И к великому изумлению Казановы, Вольтер начал читать наизусть, в подлиннике, отрывки из 34-й и 35-й песни поэмы Ариосто, именно те места, где происходят беседы Астольфа с апостолом Иоанном. Вольтер читал верно, точно, не пропуская ни одного стиха, не делая ни одной ошибки в произношении стихов. Потом он ярко выставил все прелести ариостовского стиха. Казанова был вне себя от удивления. Это была настоящая лекция об Ариосто, с учеными комментариями, которая сделала бы честь любому итальянскому ученому критику.

— Я изумлен, — воскликнул он, — и я оповещу о моем изумлении всю Италию!

— А я, в свою очередь, — сказал Вольтер, — оповещу всю Европу о том, что считаю себя обязанным восстановить значение одного из величайших гениев, каких она произвела.

По окончании чтения г-жа Дени, племянница Вольтера, спросила Казанову, что он думает о цитированных местах поэмы, считает ли их самыми лучшими.

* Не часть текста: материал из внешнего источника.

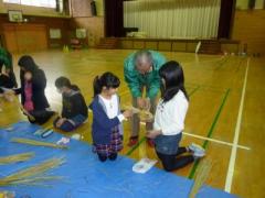 初音ヶ丘小学校は、三村指導者が5年生の授業として春から米づくりを指導してきました。その延長で今回、わら細工を行うことになり、元気村実行委員が一緒にわら細工の指導を行いました。
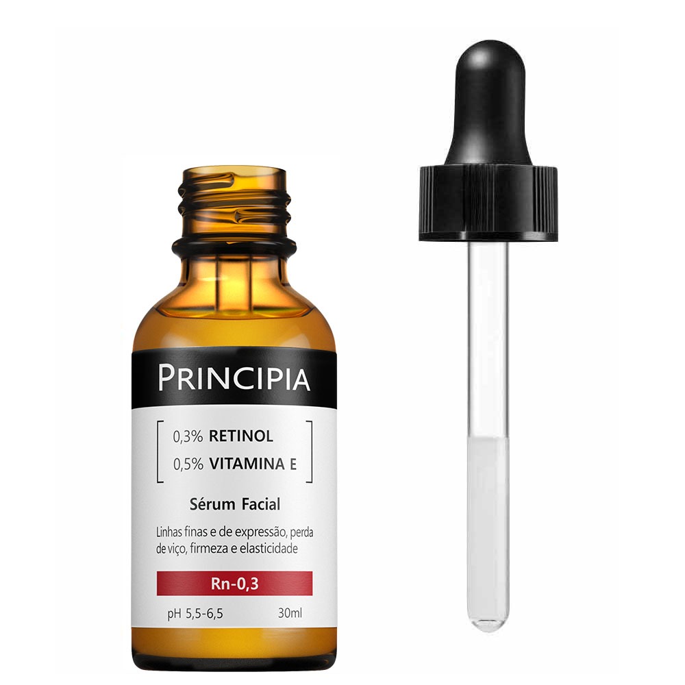 Principia Kit Duplo Retinol Antissinais Avançado Sérum com 0,3% de Retinol e 0,5% de Vitamina E com alta eficácia na melhora de rugas, linhas finas, firmeza e viço. Benefícios: Principais Aumentar a firmeza e elasticidade Melhorar o viço Suavizar rugas e linhas finas Clarear manchas escuras Proporcionar maciez Reduzir e uniformizar a pigmentação Reduzir tamanho dos poros Tipos de pele Seca Oleosa Mista Normal MODO DE USO: » Use diariamente, apenas à noite » Aplique no rosto limpo e seco, antes de cremes, protetor solar e maquiagem » Sem encostar a cânula da pele, dispense algumas gotas nos dedos ou diretamente na face » Espalhe suavemente pelo rosto, exceto na área dos olhos » Não aplique sobre a pele irritada ou lesada » Evite contato com os olhos e exposição solar sem proteção » Mantenha fora do alcance de crianças » Guarde em local fresco e seco » Para o uso durante a gravidez, consulte um médico » Durante a primeira semana de uso, aplique pequenas quantidades de produto, em dias alternados » Havendo irritação, suspenda o uso e procure por orientação médica Dúvidas frequentes INGREDIENTES ATIVOS RETINOL Obtido da vitamina A, suas moléculas conseguem penetrar na derme, onde ajudam a neutralizar radicais livres e estimulam a síntese de elastina e colágeno, proporcionando melhora de linhas de expressão, firmeza, elasticidade e viço, além de promover a esfoliação química da pele, suavizando e uniformizando sua textura e pigmentação. VITAMINA E Encontrada naturalmente em alimentos como castanhas, espinafre e azeite de oliva, tem potente ação antioxidante, auxiliando na neutralização de radicais livres, além de comprovada propriedade fotoprotetora, reduzindo efeitos nocivos da radiação solar na pele. DÚVIDAS FREQUENTES Contém parabenos, petrolatos e sulfatos? Não. Sua composição também não inclui silicones, fragrância, corantes nem glúten. Está regularizada na Anvisa? Sim, conforme o processo número 25351.003143-2022-38. Foi testada em animais? Não. A PRINCIPIA não realiza testes em animais. Qual o prazo de validade? Dois anos, contados da data de fabricação. Pode ser usada junto com outras fórmulas? Sim, praticamente não há restrições para uso com outros ativos. Causa acnes ou cravos? Não. Pelo contrário, costuma ter efeito benéfico e ser recomendada para peles acnêicas. Garantia de fábrica: 30 dias

Казанова отвечал, что эти места прекрасны, но не самые лучшие, и на вопрос Вольтера, какое место поэмы он считает самым блестящим, он отвечал:

— Тридцать шесть последних стансов 23-й песни, в которых поэт описывает, как Роланд сходит с ума. С тех пор, как мир существует, никто еще не знал, как именно люди сходят с ума, кроме Ариосто, который сам помешался к концу своей жизни. Эти стансы производят ужасающее впечатление, и вы сами, г. Вольтер, я уверен в том, читали их с трепетом.

— Да, я вспоминаю эти стихи. Они внушают ужас к чувству любви. Надо будет их перечитать.

Г-жа Дени предложила Казанове прочесть это место, и он изъявил согласие.

— А вы дали себе труд даже выучить это место наизусть? — спросил его Вольтер.

— Скажите лучше удовольствие, потому что какой же это труд? Начиная с пятнадцатилетнего возраста, я редкий год не прочитывал Ариосто по два и по три раза. Это обратилось у меня в настоящую страсть, и нет ничего мудреного, что поэма отчеканилась у меня в памяти механически, без малейшего усилия. Я знаю ее всю, за исключением разве только длинных родословных да исторических тирад — и утомительных, и не затрагивающих сердца. Из других поэтов я с таким же рвением читал только Горация; но его послания часто имеют самый прозаический оборот, так что в этом отношении даже Буало стоит выше него.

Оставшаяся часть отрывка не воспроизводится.